Soon after Aza reluctantly accepts Ivi's offer, the castle is thrown into turmoil when King Oscaro is terribly wounded during a sporting event with centaurs because the king threw himself in front of Ivi to save her. Aza is caught in the midst of Ivi's power-hungry plotting, the affection of the king's nephew, Crown Prince Ijori, the suspicions of the choirmaster Sir Uellu (a senior official in this land of song), and her own increasing desperation to become beautiful, a desire which grows so strong that she tries a beauty spell, but instead the spell turns her to stone. Although she recovers, she's left with a marble pinky toe. When the country seems to be on the verge of revolt, Aza and Ivi's deception is publicly discovered by accident. The incident with the marble toe does not deter her desire to be beautiful, which leads Aza to drink a beauty potion created by Skulni, the mysterious, evil creature living in a magic mirror given to Ivi as a wedding gift from the fairy Lucinda. Aza becomes beautiful, but still remains self-conscious about herself. Aza is branded as the dangerous relative of an ogre because of her figure and strong powerful voice and imprisoned, but she escapes with Ivi's guard Uju, who later tells her that he was ordered by Ivi to kill her, but could not now that she is beautiful. Uju takes Aza to the Gnome Caverns to keep her safe, fulfilling Zhamm's prophecy.

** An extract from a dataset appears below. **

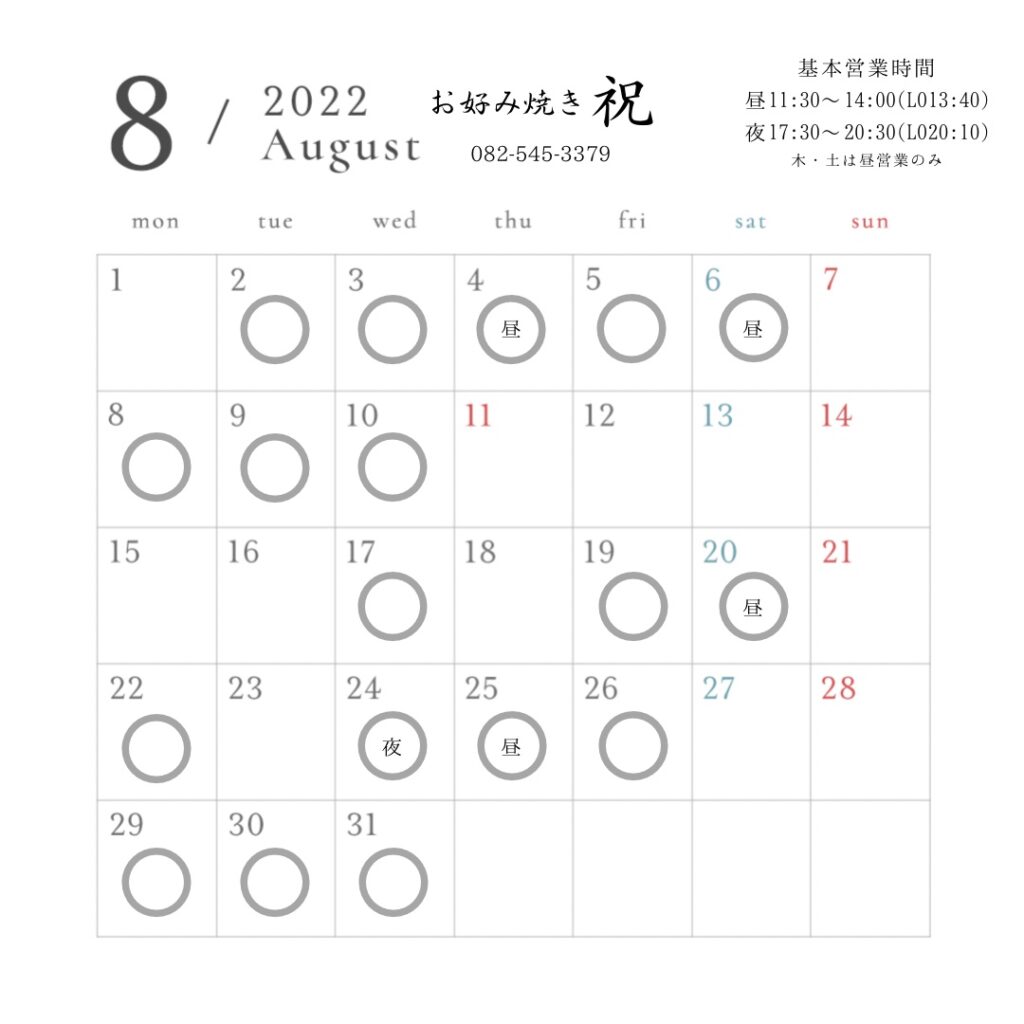 8月の営業日は、写真の通りとなります。

In exile, Aza is welcomed by the gnomes; Zhamm provides her with food, shelter, and a sense of heritage. He is surprised by her appearance and then tells her about how she now almost has no htun left in her hair. He assures her that while she is certainly not part ogre, he believes one of her ancestors was a gnome, explaining her strange appearance and htun hair, and also the point that she can see htun if he holds her hand. She learns that the gnomes can illuse as well, though they can't mimic different voices. After Aza has spent some time with the gnomes, Ivi appears, disguised as a gnome, and tricks Aza into eating a poisoned apple. Her spirit is taken back to the enchanted mirror, where she discovers that Ivi's actions have been manipulated by Skulni so that he can take a vacation when Ivi is killed since then Ivi's spirit would take Skulni's place, and her spirit would be trapped in the mirror until Skulni returns. Aza manages to destroy the mirror and warn Ivi about Skulni's evil plans through the mirror; the mirror's destruction also removes Aza and Ivi's magically obtained beauty. Aza awakens back in Gnome Caverns with a newfound respect for herself. To her surprise, Ijori is also there, and he apologizes for not defending and believing her.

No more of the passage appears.